Implement Maintainable Test Scripts by applying Design Patterns

by Roy de Kleijn

As development teams are able to deliver new features even faster, we also need to find a way to implement test scripts quicker. Design patterns can help with that, as they provide a reusable solution to commonly occurring problems.

What you will learn…

• Advantages of using patterns

• Apply Page Object Model

• Speed-up test script creation

What you should know…

• Java basic syntax

Selenium WebDriver is a great tool to automate almost anything happening within a browser. From simple user actions such as navigating through a website or filling out a form to more advanced actions such as read and write session or local storage, executing JavaScript and the creation of cookies.
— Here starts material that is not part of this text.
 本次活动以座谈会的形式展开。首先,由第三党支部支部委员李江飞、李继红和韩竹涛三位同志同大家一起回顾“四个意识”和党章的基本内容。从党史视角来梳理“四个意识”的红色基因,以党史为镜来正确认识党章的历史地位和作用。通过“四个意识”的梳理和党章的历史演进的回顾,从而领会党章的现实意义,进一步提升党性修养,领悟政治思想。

It is likely that we will end up with a big amount of automated test scripts. Creating Selenium test scripts can result in an unmaintainable project. One of the reasons can be too much duplicated code is used. Duplicated code can be caused by duplicated functionality and this in turn can result in duplicated use of locators. When this is the case, the code and thus the project will become less maintainable: imagine a locator changes, we now have to walk through the entire test code to adjust the locators where necessary. By using the page object model we can make non-brittle test code and reduce or eliminate duplicated test code. Besides that, use of the page object model improves the readability of the code and allow us to create interactive documentation. Last but not least, we can create automated test scripts using less keystrokes.

Disadvantages:

• Code duplication: while creating automated test scripts we have to repeat a lot of user actions; (for example: login, search)
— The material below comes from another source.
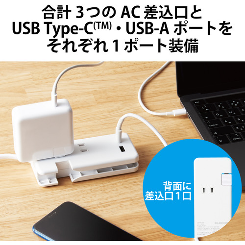 ●片面に2つ、もう片面に1つの合計3つのAC差込口と、USB Type-C(TM)(USB-C(TM))とUSB-Aポートをそれぞれ1ポートずつ備えたモバイルUSBタップです。

• Readability: we don’t immediately see what a script does if we see a sequence of Selenium WebDriver commands;

• Synchronization: meaning the test scripts tries to do something while the web element is not there yet;

• Maintainability: the ease of extending the test scripts, how well is the code structured;

• Time spent on creating test scripts: due to the duplication it takes much longer to create test scripts.

The biggest challenge might be to solve those maintainability and brittleness issues, so we can write automated test scripts more easily and maintain them without having false positives. We can do that by applying some kind of design pattern. Today’s software development methodologies enable us to develop new features very frequently and in a short period of time. So we can’t afford duplications and extra time spent on fixing recurring issues. This article describes the usage of the commonly used “Page Object Model” pattern. All examples in this article are based on the website: http://selenium.polteq.com/testshop/index.php.

Page Object Model

Selenium WebDriver – by default – provides two classes LoadableComponent and SlowLoadableComponent to implement the page object model. However, we can simply write our own implementation, so we do not get stuck with the imposed boundaries.

The page object model encapsulates all page specific behaviours to separate classes. The result is that every page gets its own corresponding class containing the modelled user interface for that specific page.

I made a 4 step-plan to implement the page object model. The steps are listed below.

• Define WebElements

• Model the page functionality to the class

• Model the page flow

• Utilize the model to create test scripts

Step 1: Define WebElements

The first step while implementing the page object model might be to identify which elements we like to use in our test scripts. Most of the time it is not required to model all the elements, but just a subset of it can be enough to implement our automated test script. We can create annotated private fields to define those elements. The following example is defining the elements for http://selenium.polteq.com/testshop/index.php?controller=authentication.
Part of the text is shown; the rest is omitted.